From the angle of rational preference
From the perspective of "rational preference" (rajḥān ʿaqlī) adopted by this site, both projects offer important contributions:
Al-Jabiri helps understand the "epistemological obstacles" that prevent the development of Arab rationality. This is useful for developing critical methodology.
Taha helps transcend the "inhibiting dualism" between reason and revelation, proposing an integrative model. This is closer to the spirit of "manifestation and concealment" adopted by this site.
The greater methodological coherence, from this perspective, belongs to Taha Abd al-Rahman - not because his project is "correct" in absolute terms, but because it avoids the internal contradictions that al-Jabiri falls into, and provides a coherent framework for transcending the reason/revelation dualism.
Where we stand in this debate today
No resolution.
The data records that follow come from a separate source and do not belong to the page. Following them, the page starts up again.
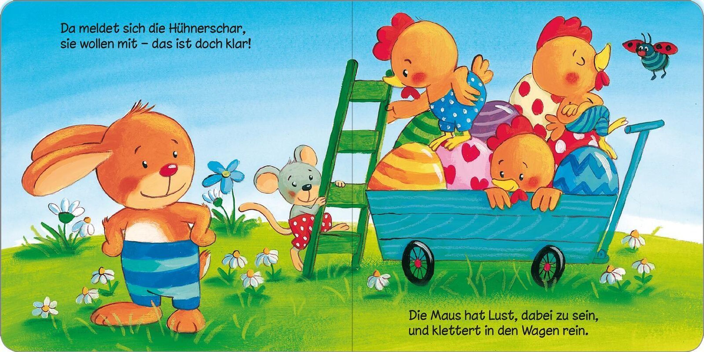 Der kleine Osterhase ist bereit fürs Osterfest. Er holt seinen Leiterwagen und möchte die bunten Eier verteilen. Doch was ist da los? Die ganze Hühnerschar will ihn begleiten. Und wen treffen sie noch auf dem Weg?
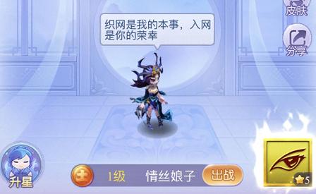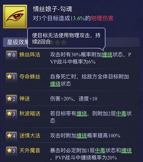 0星技能:蛛丝阵法,攻击时有30%概率附加缠绕(使目标无法使用物理攻击,持续2回合)状态,PVP战斗中概率为6%;
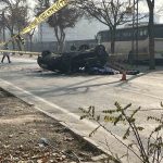Öte yandan, yaşanan kaza anı güvenlik kamerasına anbean yansıdı. Görüntülerde caddede araçlar seyrederken, iki aracın arasından makas atan otomobilin kontrolden çıkarak ağaca çarpıp karşı şeride takla attığı görülüyor.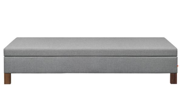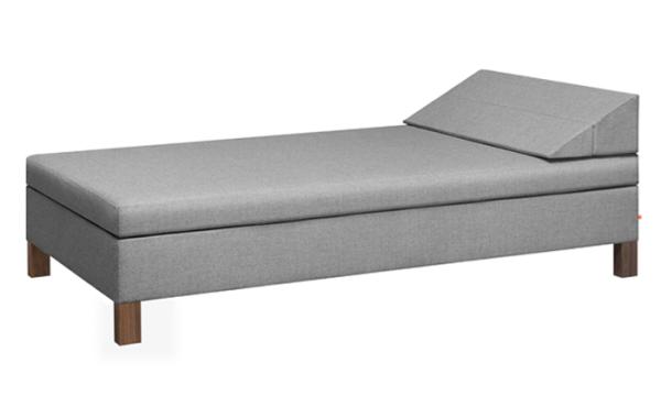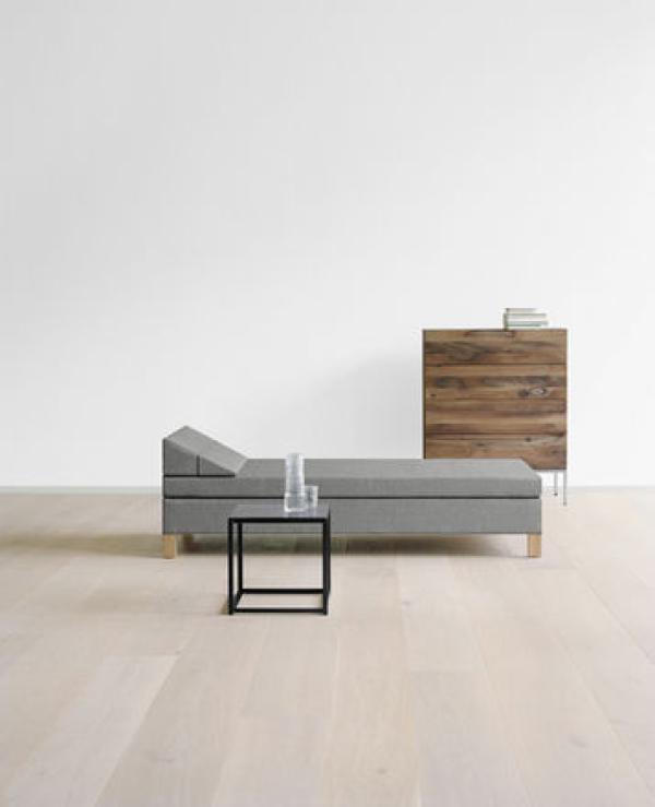 FK11 SENCKENBERGDesigned in 1952 as part of the furnishing for the Johann Wolfgang Goethe-University in Frankfurt am Main, the FK11 SENCKENBERG daybed is an extension of Ferdinand Kramer’s elegant and enduring upholstered furniture series from 1926 with the sofa FK09 WESTHAUSEN and armchair FK10 WEISSENHOF. The wedge-shaped, upholstered headrest can be folded up into a rectangular armrest and accounts for the versatile charm of this daybed. Superior wave springs ensure seating or lying comfort. Available with solid oak or walnut legs, the daybed is delivered as one piece. |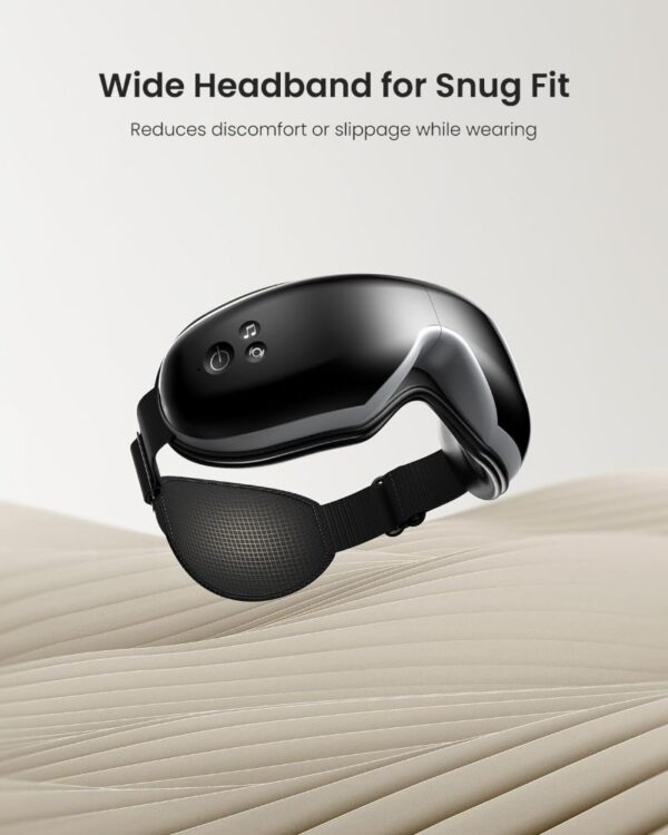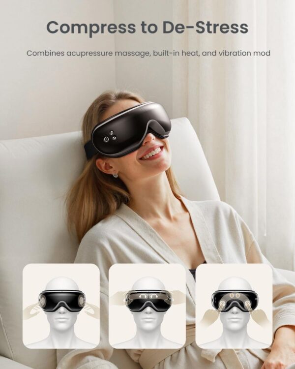 3 lygio šildymas ir kompresinis masažas: Įmontuoti šildymo elementai leidžia pasirinkti aukštą, vidutinį arba žemą šilumos lygį (40–45 °C), padedantį atsipalaiduoti ir palaikyti akių komfortą.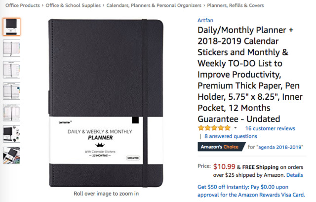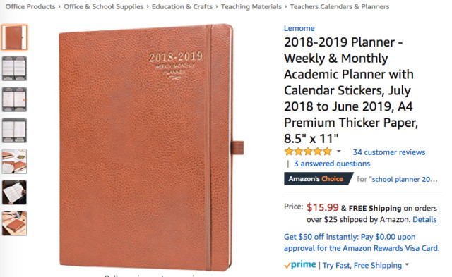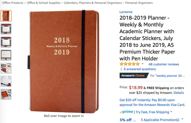 可以看到,在上周Office Products品类的Hot New Releases榜单中,品牌Lemome的2018-2019日历笔记本产品成为了该周新品榜中的最大赢家——其中,页面尺寸为A5的笔记本产品在一周内六次跻身榜单前 三,以绝对的排名优势位居综合排名第一,骆探长(shujumai.com)注意到,目前该款商品仅拥有43条消费者评论,且评论星际高达5.0,商品后续的 市场潜力值得期待;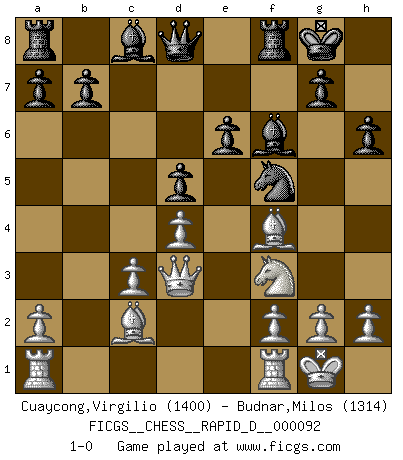 Last move : 1-0 2015 August 6 15:12:22 [Event "FICGS__CHESS__RAPID_D__000092"] [Site "FICGS"] [Date "2015.06.12"] [Round "1"] [White "Cuaycong,Virgilio"] [Black "Budnar,Milos"] [Result "1-0"] [WhiteElo "1400"] [BlackElo "1314"] 1.e4 c5 2.c3 Nf6 3.e5 Nd5 4.d4 cxd4 5.cxd4 d6 6.Nf3 e6 7.Bc4 Nc6 8.O-O Be7 9.Qe2 O-O 10.Nc3 Nxc3 11.bxc3 h6 12.Bf4 d5 13.Bd3 f5 14.exf6 Bxf6 15.Qe3 Ne7 16.Bc2 Nf5 17.Qd3 1-0 Sicilian : Alapin's variation (2.c3) Kingside Castling by player White (move 8) Kingside Castling by player Black (move 9) Player White won this chess game. Follow this game move after move (download)Fischer prefers to enter Chess history alone. (Miguel Najdorf) Lisa Lane, amerikanische Schachmeisterin, hatte Fischer einmal als stärksten lebenden Spieler bezeichnet. Antwort: Das ist richtig, aber Lisa Lane ist eigentlich nicht in der Lage, das zu beurteilen. (Robert James Fischer) El Rey es una pieza de pelea. ¡Usenlo!. (Wilhelm Steinitz) Une platitude souvent récitée à propos des Echecs est qu'une des choses les plus difficiles à réaliser est de gagner une position gagnante. Cela ne manque pas de sens mais, pour ma part, j'ai toujours trouvé plus difficile de gagner une position perdante. (Tim Krabbe) If you work for a living, why do you kill yourself working ? (Tuco to a chicken in The Good, The Bad and The Ugly)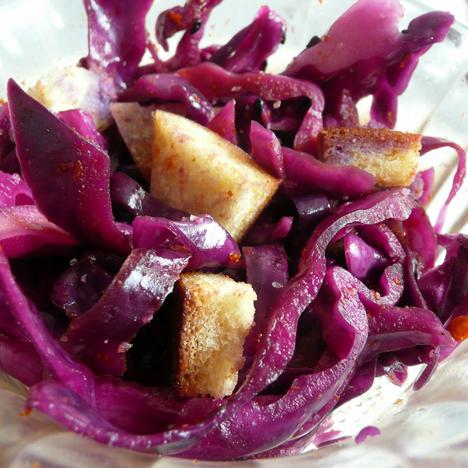 1、紫甘蓝切丝,放到一个干净的容器里里,加白醋和盐适量,腌一周左右。吃之前加白糖,辣椒油,吐司丁拌匀即可
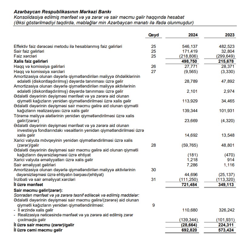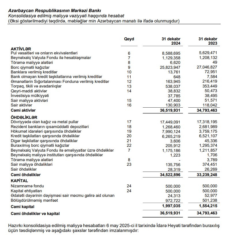 Bu barədə Marja.az Azərbaycan Respublikasının Mərkəzi Bankının 31 dekabr 2024-cü il tarixində bitmiş il üzrə Konsolidasiya Edilmiş Maliyyə Hesabatlarına istinadən xəbər verir.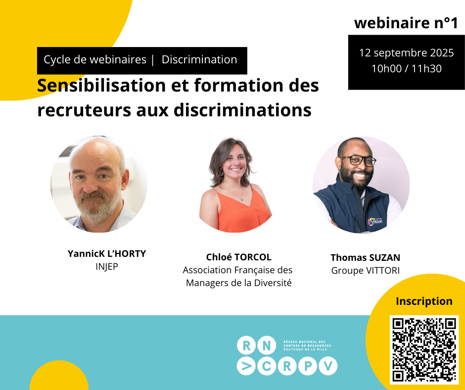 Ce premier webinaire sera l’occasion de dresser un constat des discriminations à partir de l’étude conduite par l’INJEP et Yannick L’HORTY sur les “Discriminations à l’embauche : la sensibilisation des recruteurs en question”.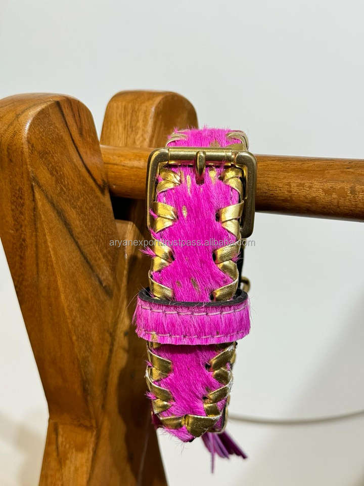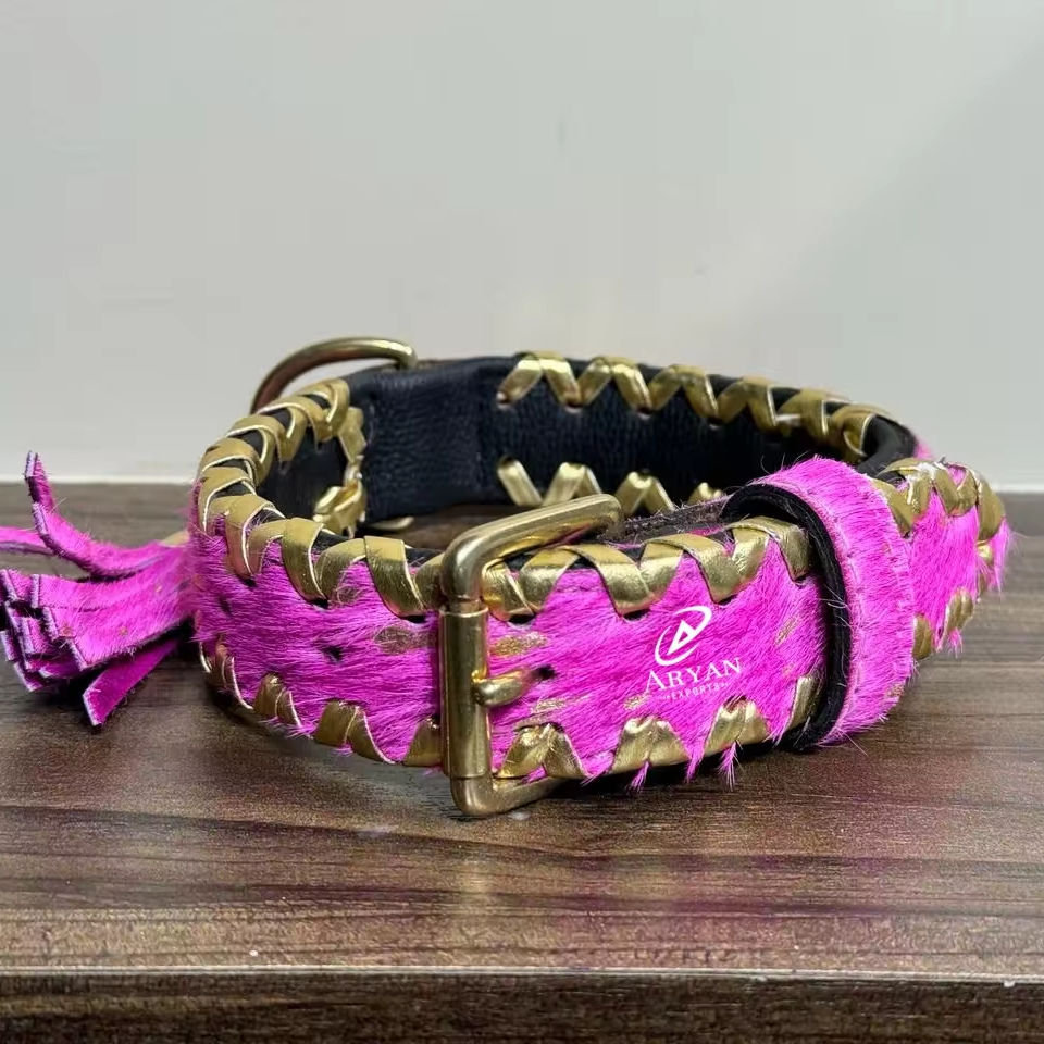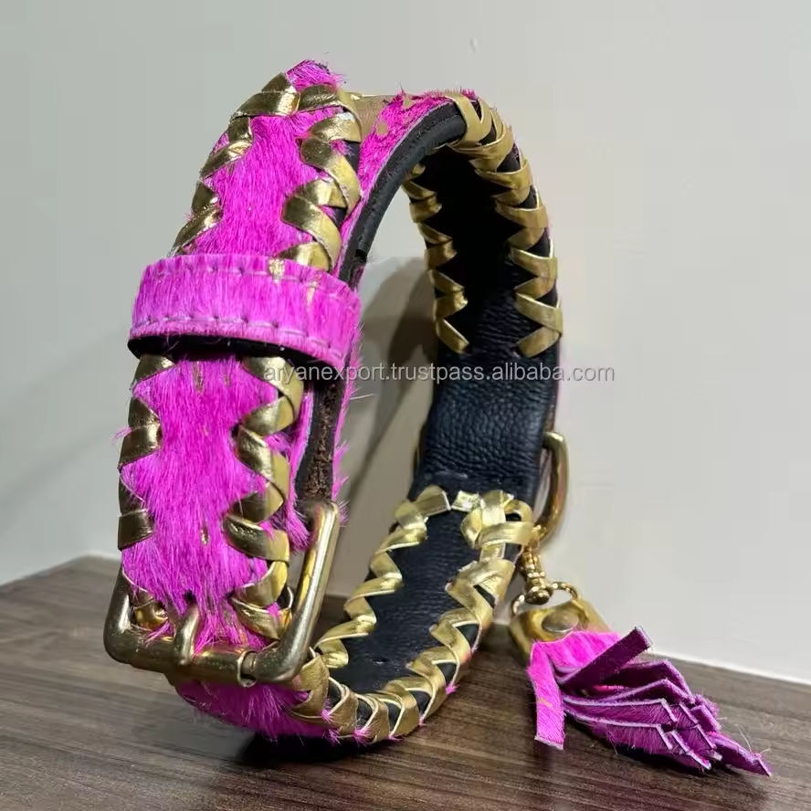 ขนแกะแท้สไตล์ตะวันตกบนสายจูงสุนัขหนังวัวสีเมทัลลิก

The debate between the two projects has not been closed, but it has transformed notably since 2020. Al-Jabiri's passing (2010) made his project more an object of critical assessment than a living research program, while Taha Abd al-Rahman continued developing his fiduciary project in works like "The Frontiers of Vigilance" (2018) and "The Religion of Modesty" (2017), widening the gap between the projects in terms of productive dynamism. However, a new generation of researchers - in Morocco, the Gulf, and Malaysia - has begun transcending the binary polarization, benefiting from al-Jabiri's analytical tools without adopting his reductionist tendency, and from Taha's conceptual depth without closure within his system. Third approaches have also emerged (like Abd Allah al-Arawi's late works, and attempts by Hassan Hanafi and Abu Yarab al-Marzuqi) that reformulate the same question: not "reason or revelation," but "which rationality accommodates revelation without dissolving in it or negating it?" The general trend moves toward more complex syntheses that transcend the initial dualisms of both projects.
From the angle of rational preference (site methodology)
The rational preference methodology does not align with any project in a closed manner, but asks: which framework allows for more coherent probabilistic weighing of combined evidence? From this perspective, al-Jabiri's project provides valuable deconstructive tools but falls into self-tension when it judges heritage with reason that itself acknowledges its historicity - this weakens its objectivity claims. Taha's project avoids this tension by explicitly declaring its fiduciary position, but pays a price in communicability with those who do not share this horizon. Cumulative rational preference suggests that the most coherent framework is one that combines epistemological critique of heritage (al-Jabiri's strength) and openness to revelation as a cognitive source not reducible to its historical conditions (Taha's strength) - without meaning naive eclecticism, but conscious weighing of each position's costs and benefits. This is precisely what makes the question open and philosophically productive.